Letter to the Editor: History of Abuse

By George Chandler

I address an interesting recent take on the charter amendments in which we were told that there is no history of abuse of the petition process in Los Alamos.

In 1979 and again in 1982 there were successful referendum petitions and subsequent elections that reversed zoning actions by the county. 

But the losers of the 1982 election appealed the voter’s decision and in 1983 the Supreme Court ruled that zoning can only be done by representative bodies, not by election. 

Under this rule the 1979 referendum would have also been illegal. These are two petitions that were deemed abusive by law. 

The proposed referendum amendment puts this law into the charter.

 In 2009 – 2010 a group of activists collected enough signatures on two initiative petitions to amend the charter.

Both of these petitions violated well-established rules against logrolling – several unrelated or independent issues wrapped into one question. 

The council followed advice of the county attorney and refused to put these illegal questions to a vote. 

This abuse of the process resulted in a proposed amendment putting anti-logrolling language into the charter. 

In 2010 the council defied the opinion of the County Attorney and put on the ballot an initiative petition that would have required the council to rebuild the municipal building on Ashley Pond. 
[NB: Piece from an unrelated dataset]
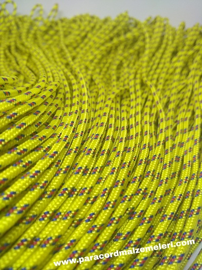Paracord İp , Paracord Bileklik İpi Sarı Renk Kırmızı Mavi Şerit 2 mm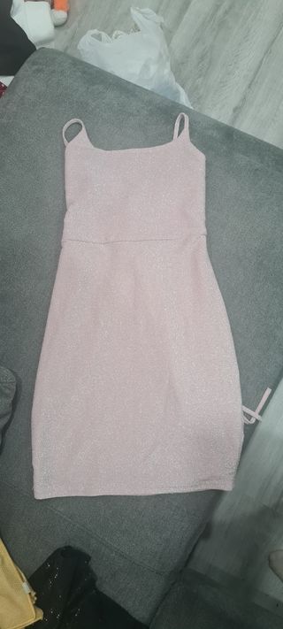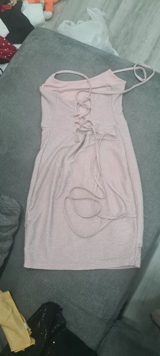 vestido rosa corto con la espalda al aire. talla s. solo una puesta

Private citizens appealed the decision to District Court, which followed well-established state law that administrative decisions cannot be put to the voters, and declared the proposed election illegal.
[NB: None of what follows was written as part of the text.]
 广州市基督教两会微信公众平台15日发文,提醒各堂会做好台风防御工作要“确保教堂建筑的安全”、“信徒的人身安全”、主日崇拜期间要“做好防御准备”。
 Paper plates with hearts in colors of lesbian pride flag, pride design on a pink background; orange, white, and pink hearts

The proposed amendments address this abuse of the process by adding certain capital projects to the lists of prohibited referendum and initiative subjects.

In 2012 the 2009 group filed and circulated unsuccessfully six petitions that would have required an election on whether these charter amendments should be brought to an election. 

This abuse of the petition process mercifully failed.

No history of abuse? Abuse has marked the use of the petition process in Los Alamos for most of the history of the charter. 

The amendments will eliminate much of the abuse while protecting the rights of citizens to challenge excesses of government authority. 

Please vote FOR the charter amendment questions 1, 2, 3, 4.